A congenital intrahepatic portosystemic shunt (IPSVS) is a rare vascular abnormality that is characterized by an anomalous intrahepatic venous tract that connects the intrahepatic portal vein with the hepatic venous system. Hepatic encephalopathy is an indication for IPSVS embolization, which is technically challenging because rapid blood flow through shunts can induce the migration of embolization material to systemic veins. This case report discusses the efficacy of percutaneous balloon-occluded retrograde transvenous obliteration for treating patients with IPSVSs.

CASE SUMMARY

A 75-year-old woman presented with a six-month history of repeated hepatic encephalopathy due to an IPSVS without liver cirrhosis.
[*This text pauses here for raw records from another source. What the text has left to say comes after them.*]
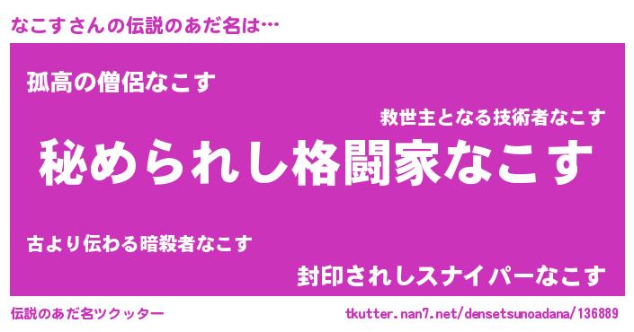 | 女子向けラノベタイトル風あだ名 | 『なこすの雑貨屋さん』 |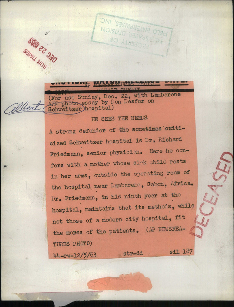 1963 Press Photo Dr. Richard Friedmann,Senior Physician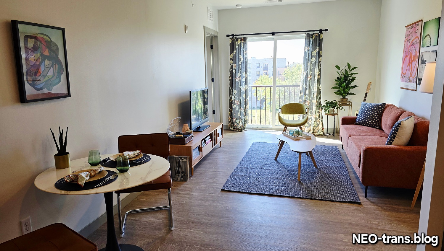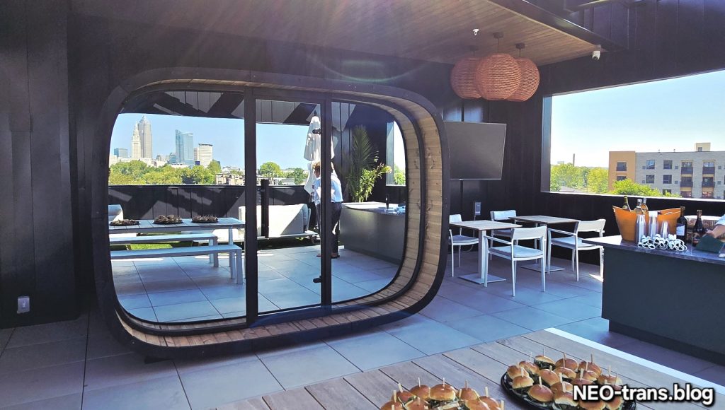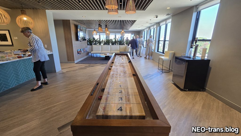 The highlight of a tour is the amenity-laden community room and outdoor deck on the top floor of the north wing. Its view of downtown is unobstructed and likely to stay that way because the view is across the wide valleys for Walworth Run and the Cuyahoga River. This common space has a lending library, outdoor sauna, TVs, and beer tap.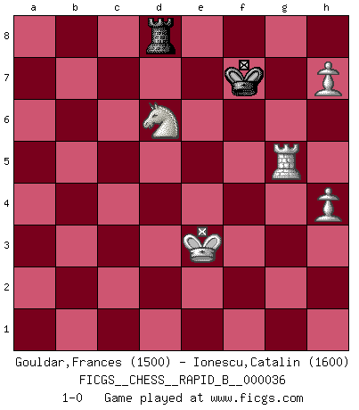 Last move : 1-0 2007 April 18 16:14:37 [Event "FICGS__CHESS__RAPID_B__000036"] [Site "FICGS"] [Date "2007.02.06"] [Round "1"] [White "Gouldar,Frances"] [Black "Ionescu,Catalin"] [Result "1-0"] [WhiteElo "1500"] [BlackElo "1600"] 1.d4 d5 2.c4 c6 3.cxd5 cxd5 4.Bf4 e6 5.Nc3 Bb4 6.Bxb8 Rxb8 7.Qa4+ Bd7 8.Qxb4 a5 9.Qd6 Bc6 10.Qxd8+ Rxd8 11.Nf3 f6 12.e3 Ne7 13.Bb5 O-O 14.Bxc6 Nxc6 15.O-O Na7 16.Rad1 b5 17.a3 Rb8 18.Rfe1 Rfe8 19.e4 dxe4 20.Nxe4 Nc6 21.d5 exd5 22.Rxd5 b4 23.axb4 Nxb4 24.Rxa5 Nd3 25.Re3 Nxb2 26.Ned2 Rxe3 27.fxe3 Nd1 28.e4 Nc3 29.e5 Ne2+ 30.Kf2 Nf4 31.exf6 gxf6 32.Rf5 Nd3+ 33.Ke2 Nc1+ 34.Kd1 Nb3 35.Rxf6 Nxd2 36.Nxd2 Rb2 37.Kc1 Ra2 38.Rf2 Kg7 39.g4 h6 40.h4 Ra4 41.Rg2 Ra5 42.g5 Rc5+ 43.Kd1 Rd5 44.Ke2 Kg6 45.Ne4 Re5 46.Kd3 Kf5 47.gxh6 Rd5+ 48.Ke3 Rd8 49.Rg5+ Ke6 50.h7 Kf7 51.Nd6+ 1-0 QGD Slav defense : Exchange variation Kingside Castling by player Black (move 13) Kingside Castling by player White (move 15) 10 pieces endgame at move 35 : White KRNNPP , Black KRNP WHITE : King + 1 Rook 2 Knights 2 Pawns BLACK : King + 1 Rook 1 Knight 1 Pawn 9 pieces endgame at move 35 : White KRNPP , Black KRNP WHITE : King + 1 Rook 1 Knight 2 Pawns BLACK : King + 1 Rook 1 Knight 1 Pawn 8 pieces endgame at move 36 : White KRNPP , Black KRP WHITE : King + 1 Rook 1 Knight 2 Pawns BLACK : King + 1 Rook 1 Pawn 7 pieces endgame at move 47 : White KRNPP , Black KR WHITE : King + 1 Rook 1 Knight 2 Pawns BLACK : King + 1 Rook Player White won this chess game. Follow this game move after move (download)One doesn't have to play well, it's enough to play better than your opponent. (Siegbert Tarrasch) Bis zum Jahr 1971 verlief in meiner Schachkariere alles glatt. Dieses dramatische Match [Fischer-Taimanov 6:0] machte mein Leben zur Hölle. (Mark Taimanov) Hasta este punto, las blancas han seguido un análisis bien conocido. Pero ahora el hace un error fatal: empieza a usar su propia cabeza. (Siegbert Tarrasch) Le thème de l'attaque double intervient d'une manière ou d'une autre dans l'immense majorité des combinaisons. (Youri Averbakh) When it is a question of money, everybody is of the same religion. (Voltaire)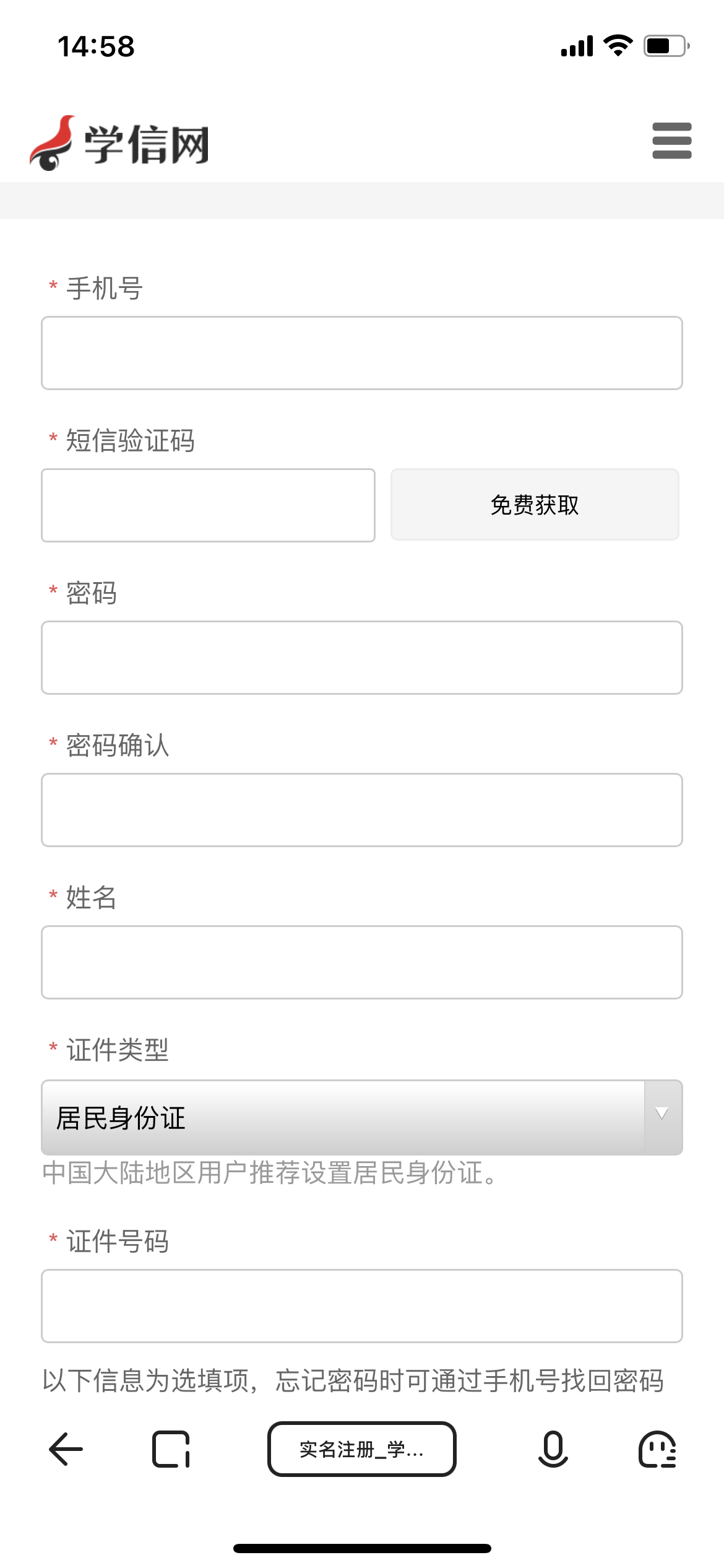 3、按照要求进行学信网账号注册: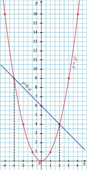 3.  Эти графики пересекаются в двух точках. Абсциссы точек пересечения графиков являются теми значениями переменной \(x\), при которых выражения \(x^2\) и \(6-x\) принимают равные значения. Значит, абсциссы точек пересечения являются корнями уравнения \(x^2=6-x.\)

We successfully embolized the IPSVS using percutaneous balloon-occluded retrograde transvenous obliteration with interlocking detachable coils. After the procedure, the patient exhibited no symptoms of hepatic encephalopathy for 14 mo.

CONCLUSION

Balloon-occluded retrograde transvenous obliteration with detachable coils can be effective for the endovascular treatment of an IPSVS.

Keywords: Hepatic veins; Portal vein; Hepatic encephalopathy; Endovascular procedures; Embolization; Therapeutic; Case report

Core Tip: Portosystemic venous shunts are generally formed in patients with hepatic fibrosis and cirrhosis due to portal hypertension. Adult cases of congenital intrahepatic portosystemic shunt (IPSVS) are extremely rare. Hepatic encephalopathy is an indication for IPSVS embolization. Minimally invasive treatments that use interventional techniques, such as transcatheter embolization, are being utilized increasingly recently; however, shunt embolization is technically challenging because rapid blood flow through shunts can induce the migration of embolization material to systemic veins. Balloon-occluded retrograde transvenous obliteration with detachable coils can be effective for the endovascular treatment of an IPSVS.